おそらく奴にとって視界の悪い今が唯一のチャンスだ。こちらが補足できないうちに死角へと回り込み、必殺の一撃を見舞ってくるに違いない。

どこだ? 同じ射線上に入らずに、クリアな視界から狙い撃てる絶好のポジション。

夕暮れの光に照らされ、旧文明の残滓を見せつける崩れかけのビルが目に入った。あそこなら戦場全てを見渡せる上に、完全にメイソンから死角になっている。

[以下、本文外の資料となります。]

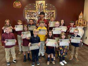 St. Jerome Regional School recently announced the Christian of the Month students for October 2025. They are, front, from left, Mitchell Hinkle, Kindergarten Gold; Eliana Ripa, Kindergarten Blue; Rosalee Schadler, Preschool; and Wyatt Krajcirik, First Grade Blue. Middle row, Jaxon Loprete, First Grade Gold; Brenna Mayernick, Second Grade Gold; Cody Morris, Grade 3; and Alexa Davis, Second Grade Blue. Back row, Miranda Hartz, Fourth Grade Blue; Vitaliy Chepelskyy, Grade 7; Carlos Martinez, Sixth Grade Blue; Alex Lin, Eighth Grade; Landen Yanett, Sixth Grade Gold; Alexandra Lutz, Grade 5; and George Pinkey, Fourth Grade Gold. The Christian of the Month Award recognizes students who display good character on a consistent basis and serve as student role models throughout the month. CONTRIBUTED PHOTO

キラリと金属の輝きを5階付近で見つけたメイソンは、己の勘が間違ってなかった事を知った。「ビンゴ」と笑って2丁のサブマシンガンを向けるのと、狙撃手が姿を現すのはほぼ同時。遠目にもその顔が驚きに強張ったのが分かった。

「終わりだ!」

持ち主の興奮を感じ取ったのか《ウージープロ》はこれまでで一番派手な銃火を閃かせる。荒れ狂う弾丸の群れは少女に吸い込まれ、メイソンは唇を痙攣させながら砕け散るその姿を幻視した。

しかし次の瞬間、メイソンの笑みは跡形もなく霧散する。

ーー躱された。少女はあの高さから躊躇もなく飛び降り攻撃を避けたのだ。流石に全弾は回避できず片方の足が損傷していたが、こうなってしまえば微々たる問題でしかない。

その両手にホールドされた狙撃用ライフルが鎌首をもたげる。殺気でさえ生優しく感じる"圧力"がメイソンをその場に釘付けにした。

少女の頬に強者の笑みが浮かぶ。獰猛で、残虐で、冷酷な微笑。